Ah, Tidus, the prepubescent Aryan posterboy we've come to expect from the FF franchise and you're no exception with your terrifyingly defined pecs, oddly tailored clothes and gravity-defying hair. After playing for just over a week, the game play counter informs me I have played for fourteen hours. I refuse to believe it. I don't have that much down time during the week, let alone to fritter away on games. I'm a casual gamer, casual, so it can't possibly be fourteen hours.

Anyway, within the first few I was all misty eyed, basking in the glory of Squaresoft's incredible production values which, in the cut scenes at least, still hold up seven years after UK release. Okay, so the motion capture now looks pretty shonky, with Tidus's flailing arms making him seem like he's valiantly battling a stroke every time he tries to emote, but the image of the Blitzball sphere slowly filling with water is a beautiful one that would shame the visual effects of many a current hollywood blockbuster.

Speaking of crap emoting, I had looked back on this game with rose-tinted spectacles, thinking it a shining beacon of decent voice acting in a medium usually mired in. stilted. speech. But I had forgotten about the staggeringly bad Kirk-like inflections employed by Yuna. I IMBD'd the voice artist, Hedy Burress. Oddly enough, she's never been in anything that wasn't shit.

I had also forgotten that FFX was created in a different time, a simpler time before women were employed in the game industry. A time when it was perfectly okay for one character to be little more than a pair of breasts that do magic. Why not go the whole hog with Lulu's victory move and have her squeeze them together and give the nips a quick lick?

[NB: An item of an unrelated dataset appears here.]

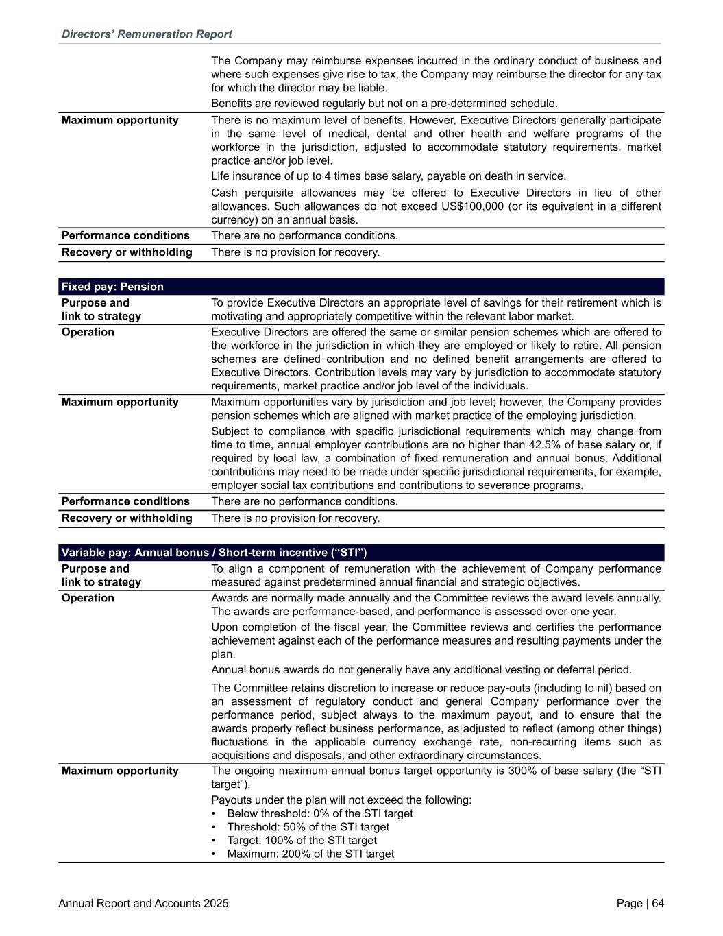 The Company may reimburse expenses incurred in the ordinary conduct of business and where such expenses give rise to tax, the Company may reimburse the director for any tax for which the director may be liable. Benefits are reviewed regularly but not on a pre-determined schedule. Maximum opportunity There is no maximum level of benefits. However, Executive Directors generally participate in the same level of medical, dental and other health and welfare programs of the workforce in the jurisdiction, adjusted to accommodate statutory requirements, market practice and/or job level. Life insurance of up to 4 times base salary, payable on death in service. Cash perquisite allowances may be offered to Executive Directors in lieu of other allowances. Such allowances do not exceed US$100,000 (or its equivalent in a different currency) on an annual basis. Performance conditions There are no performance conditions. Recovery or withholding There is no provision for recovery. Fixed pay: Pension Purpose and link to strategy To provide Executive Directors an appropriate level of savings for their retirement which is motivating and appropriately competitive within the relevant labor market. Operation Executive Directors are offered the same or similar pension schemes which are offered to the workforce in the jurisdiction in which they are employed or likely to retire. All pension schemes are defined contribution and no defined benefit arrangements are offered to Executive Directors. Contribution levels may vary by jurisdiction to accommodate statutory requirements, market practice and/or job level of the individuals. Maximum opportunity Maximum opportunities vary by jurisdiction and job level; however, the Company provides pension schemes which are aligned with market practice of the employing jurisdiction. Subject to compliance with specific jurisdictional requirements which may change from time to time, annual employer contributions are no higher than 42.5% of base salary or, if required by local law, a combination of fixed remuneration and annual bonus. Additional contributions may need to be made under specific jurisdictional requirements, for example, employer social tax contributions and contributions to severance programs. Performance conditions There are no performance conditions. Recovery or withholding There is no provision for recovery. Variable pay: Annual bonus / Short-term incentive (“STI”) Purpose and link to strategy To align a component of remuneration with the achievement of Company performance measured against predetermined annual financial and strategic objectives. Operation Awards are normally made annually and the Committee reviews the award levels annually. The awards are performance-based, and performance is assessed over one year. Upon completion of the fiscal year, the Committee reviews and certifies the performance achievement against each of the performance measures and resulting payments under the plan. Annual bonus awards do not generally have any additional vesting or deferral period. The Committee retains discretion to increase or reduce pay-outs (including to nil) based on an assessment of regulatory conduct and general Company performance over the performance period, subject always to the maximum payout, and to ensure that the awards properly reflect business performance, as adjusted to reflect (among other things) fluctuations in the applicable currency exchange rate, non-recurring items such as acquisitions and disposals, and other extraordinary circumstances. Maximum opportunity The ongoing maximum annual bonus target opportunity is 300% of base salary (the “STI target”). Payouts under the plan will not exceed the following: • Below threshold: 0% of the STI target • Threshold: 50% of the STI target • Target: 100% of the STI target • Maximum: 200% of the STI target Directors’ Remuneration Report Annual Report and Accounts 2025 Page | 64

Ah, and I also made a mistake that I remember making when I played this originally (I borrowed it from a friend in 2003 - I didn't buy it, it's within the rules!) and hired Ropp for Blitzball even though he's as much use as a sack of spanners would be in a watery environment.
Also got over excited in the battle with Belgamene and thought 'Nah, my Valefor can do her Ifrit no problem' and got filled in. Again.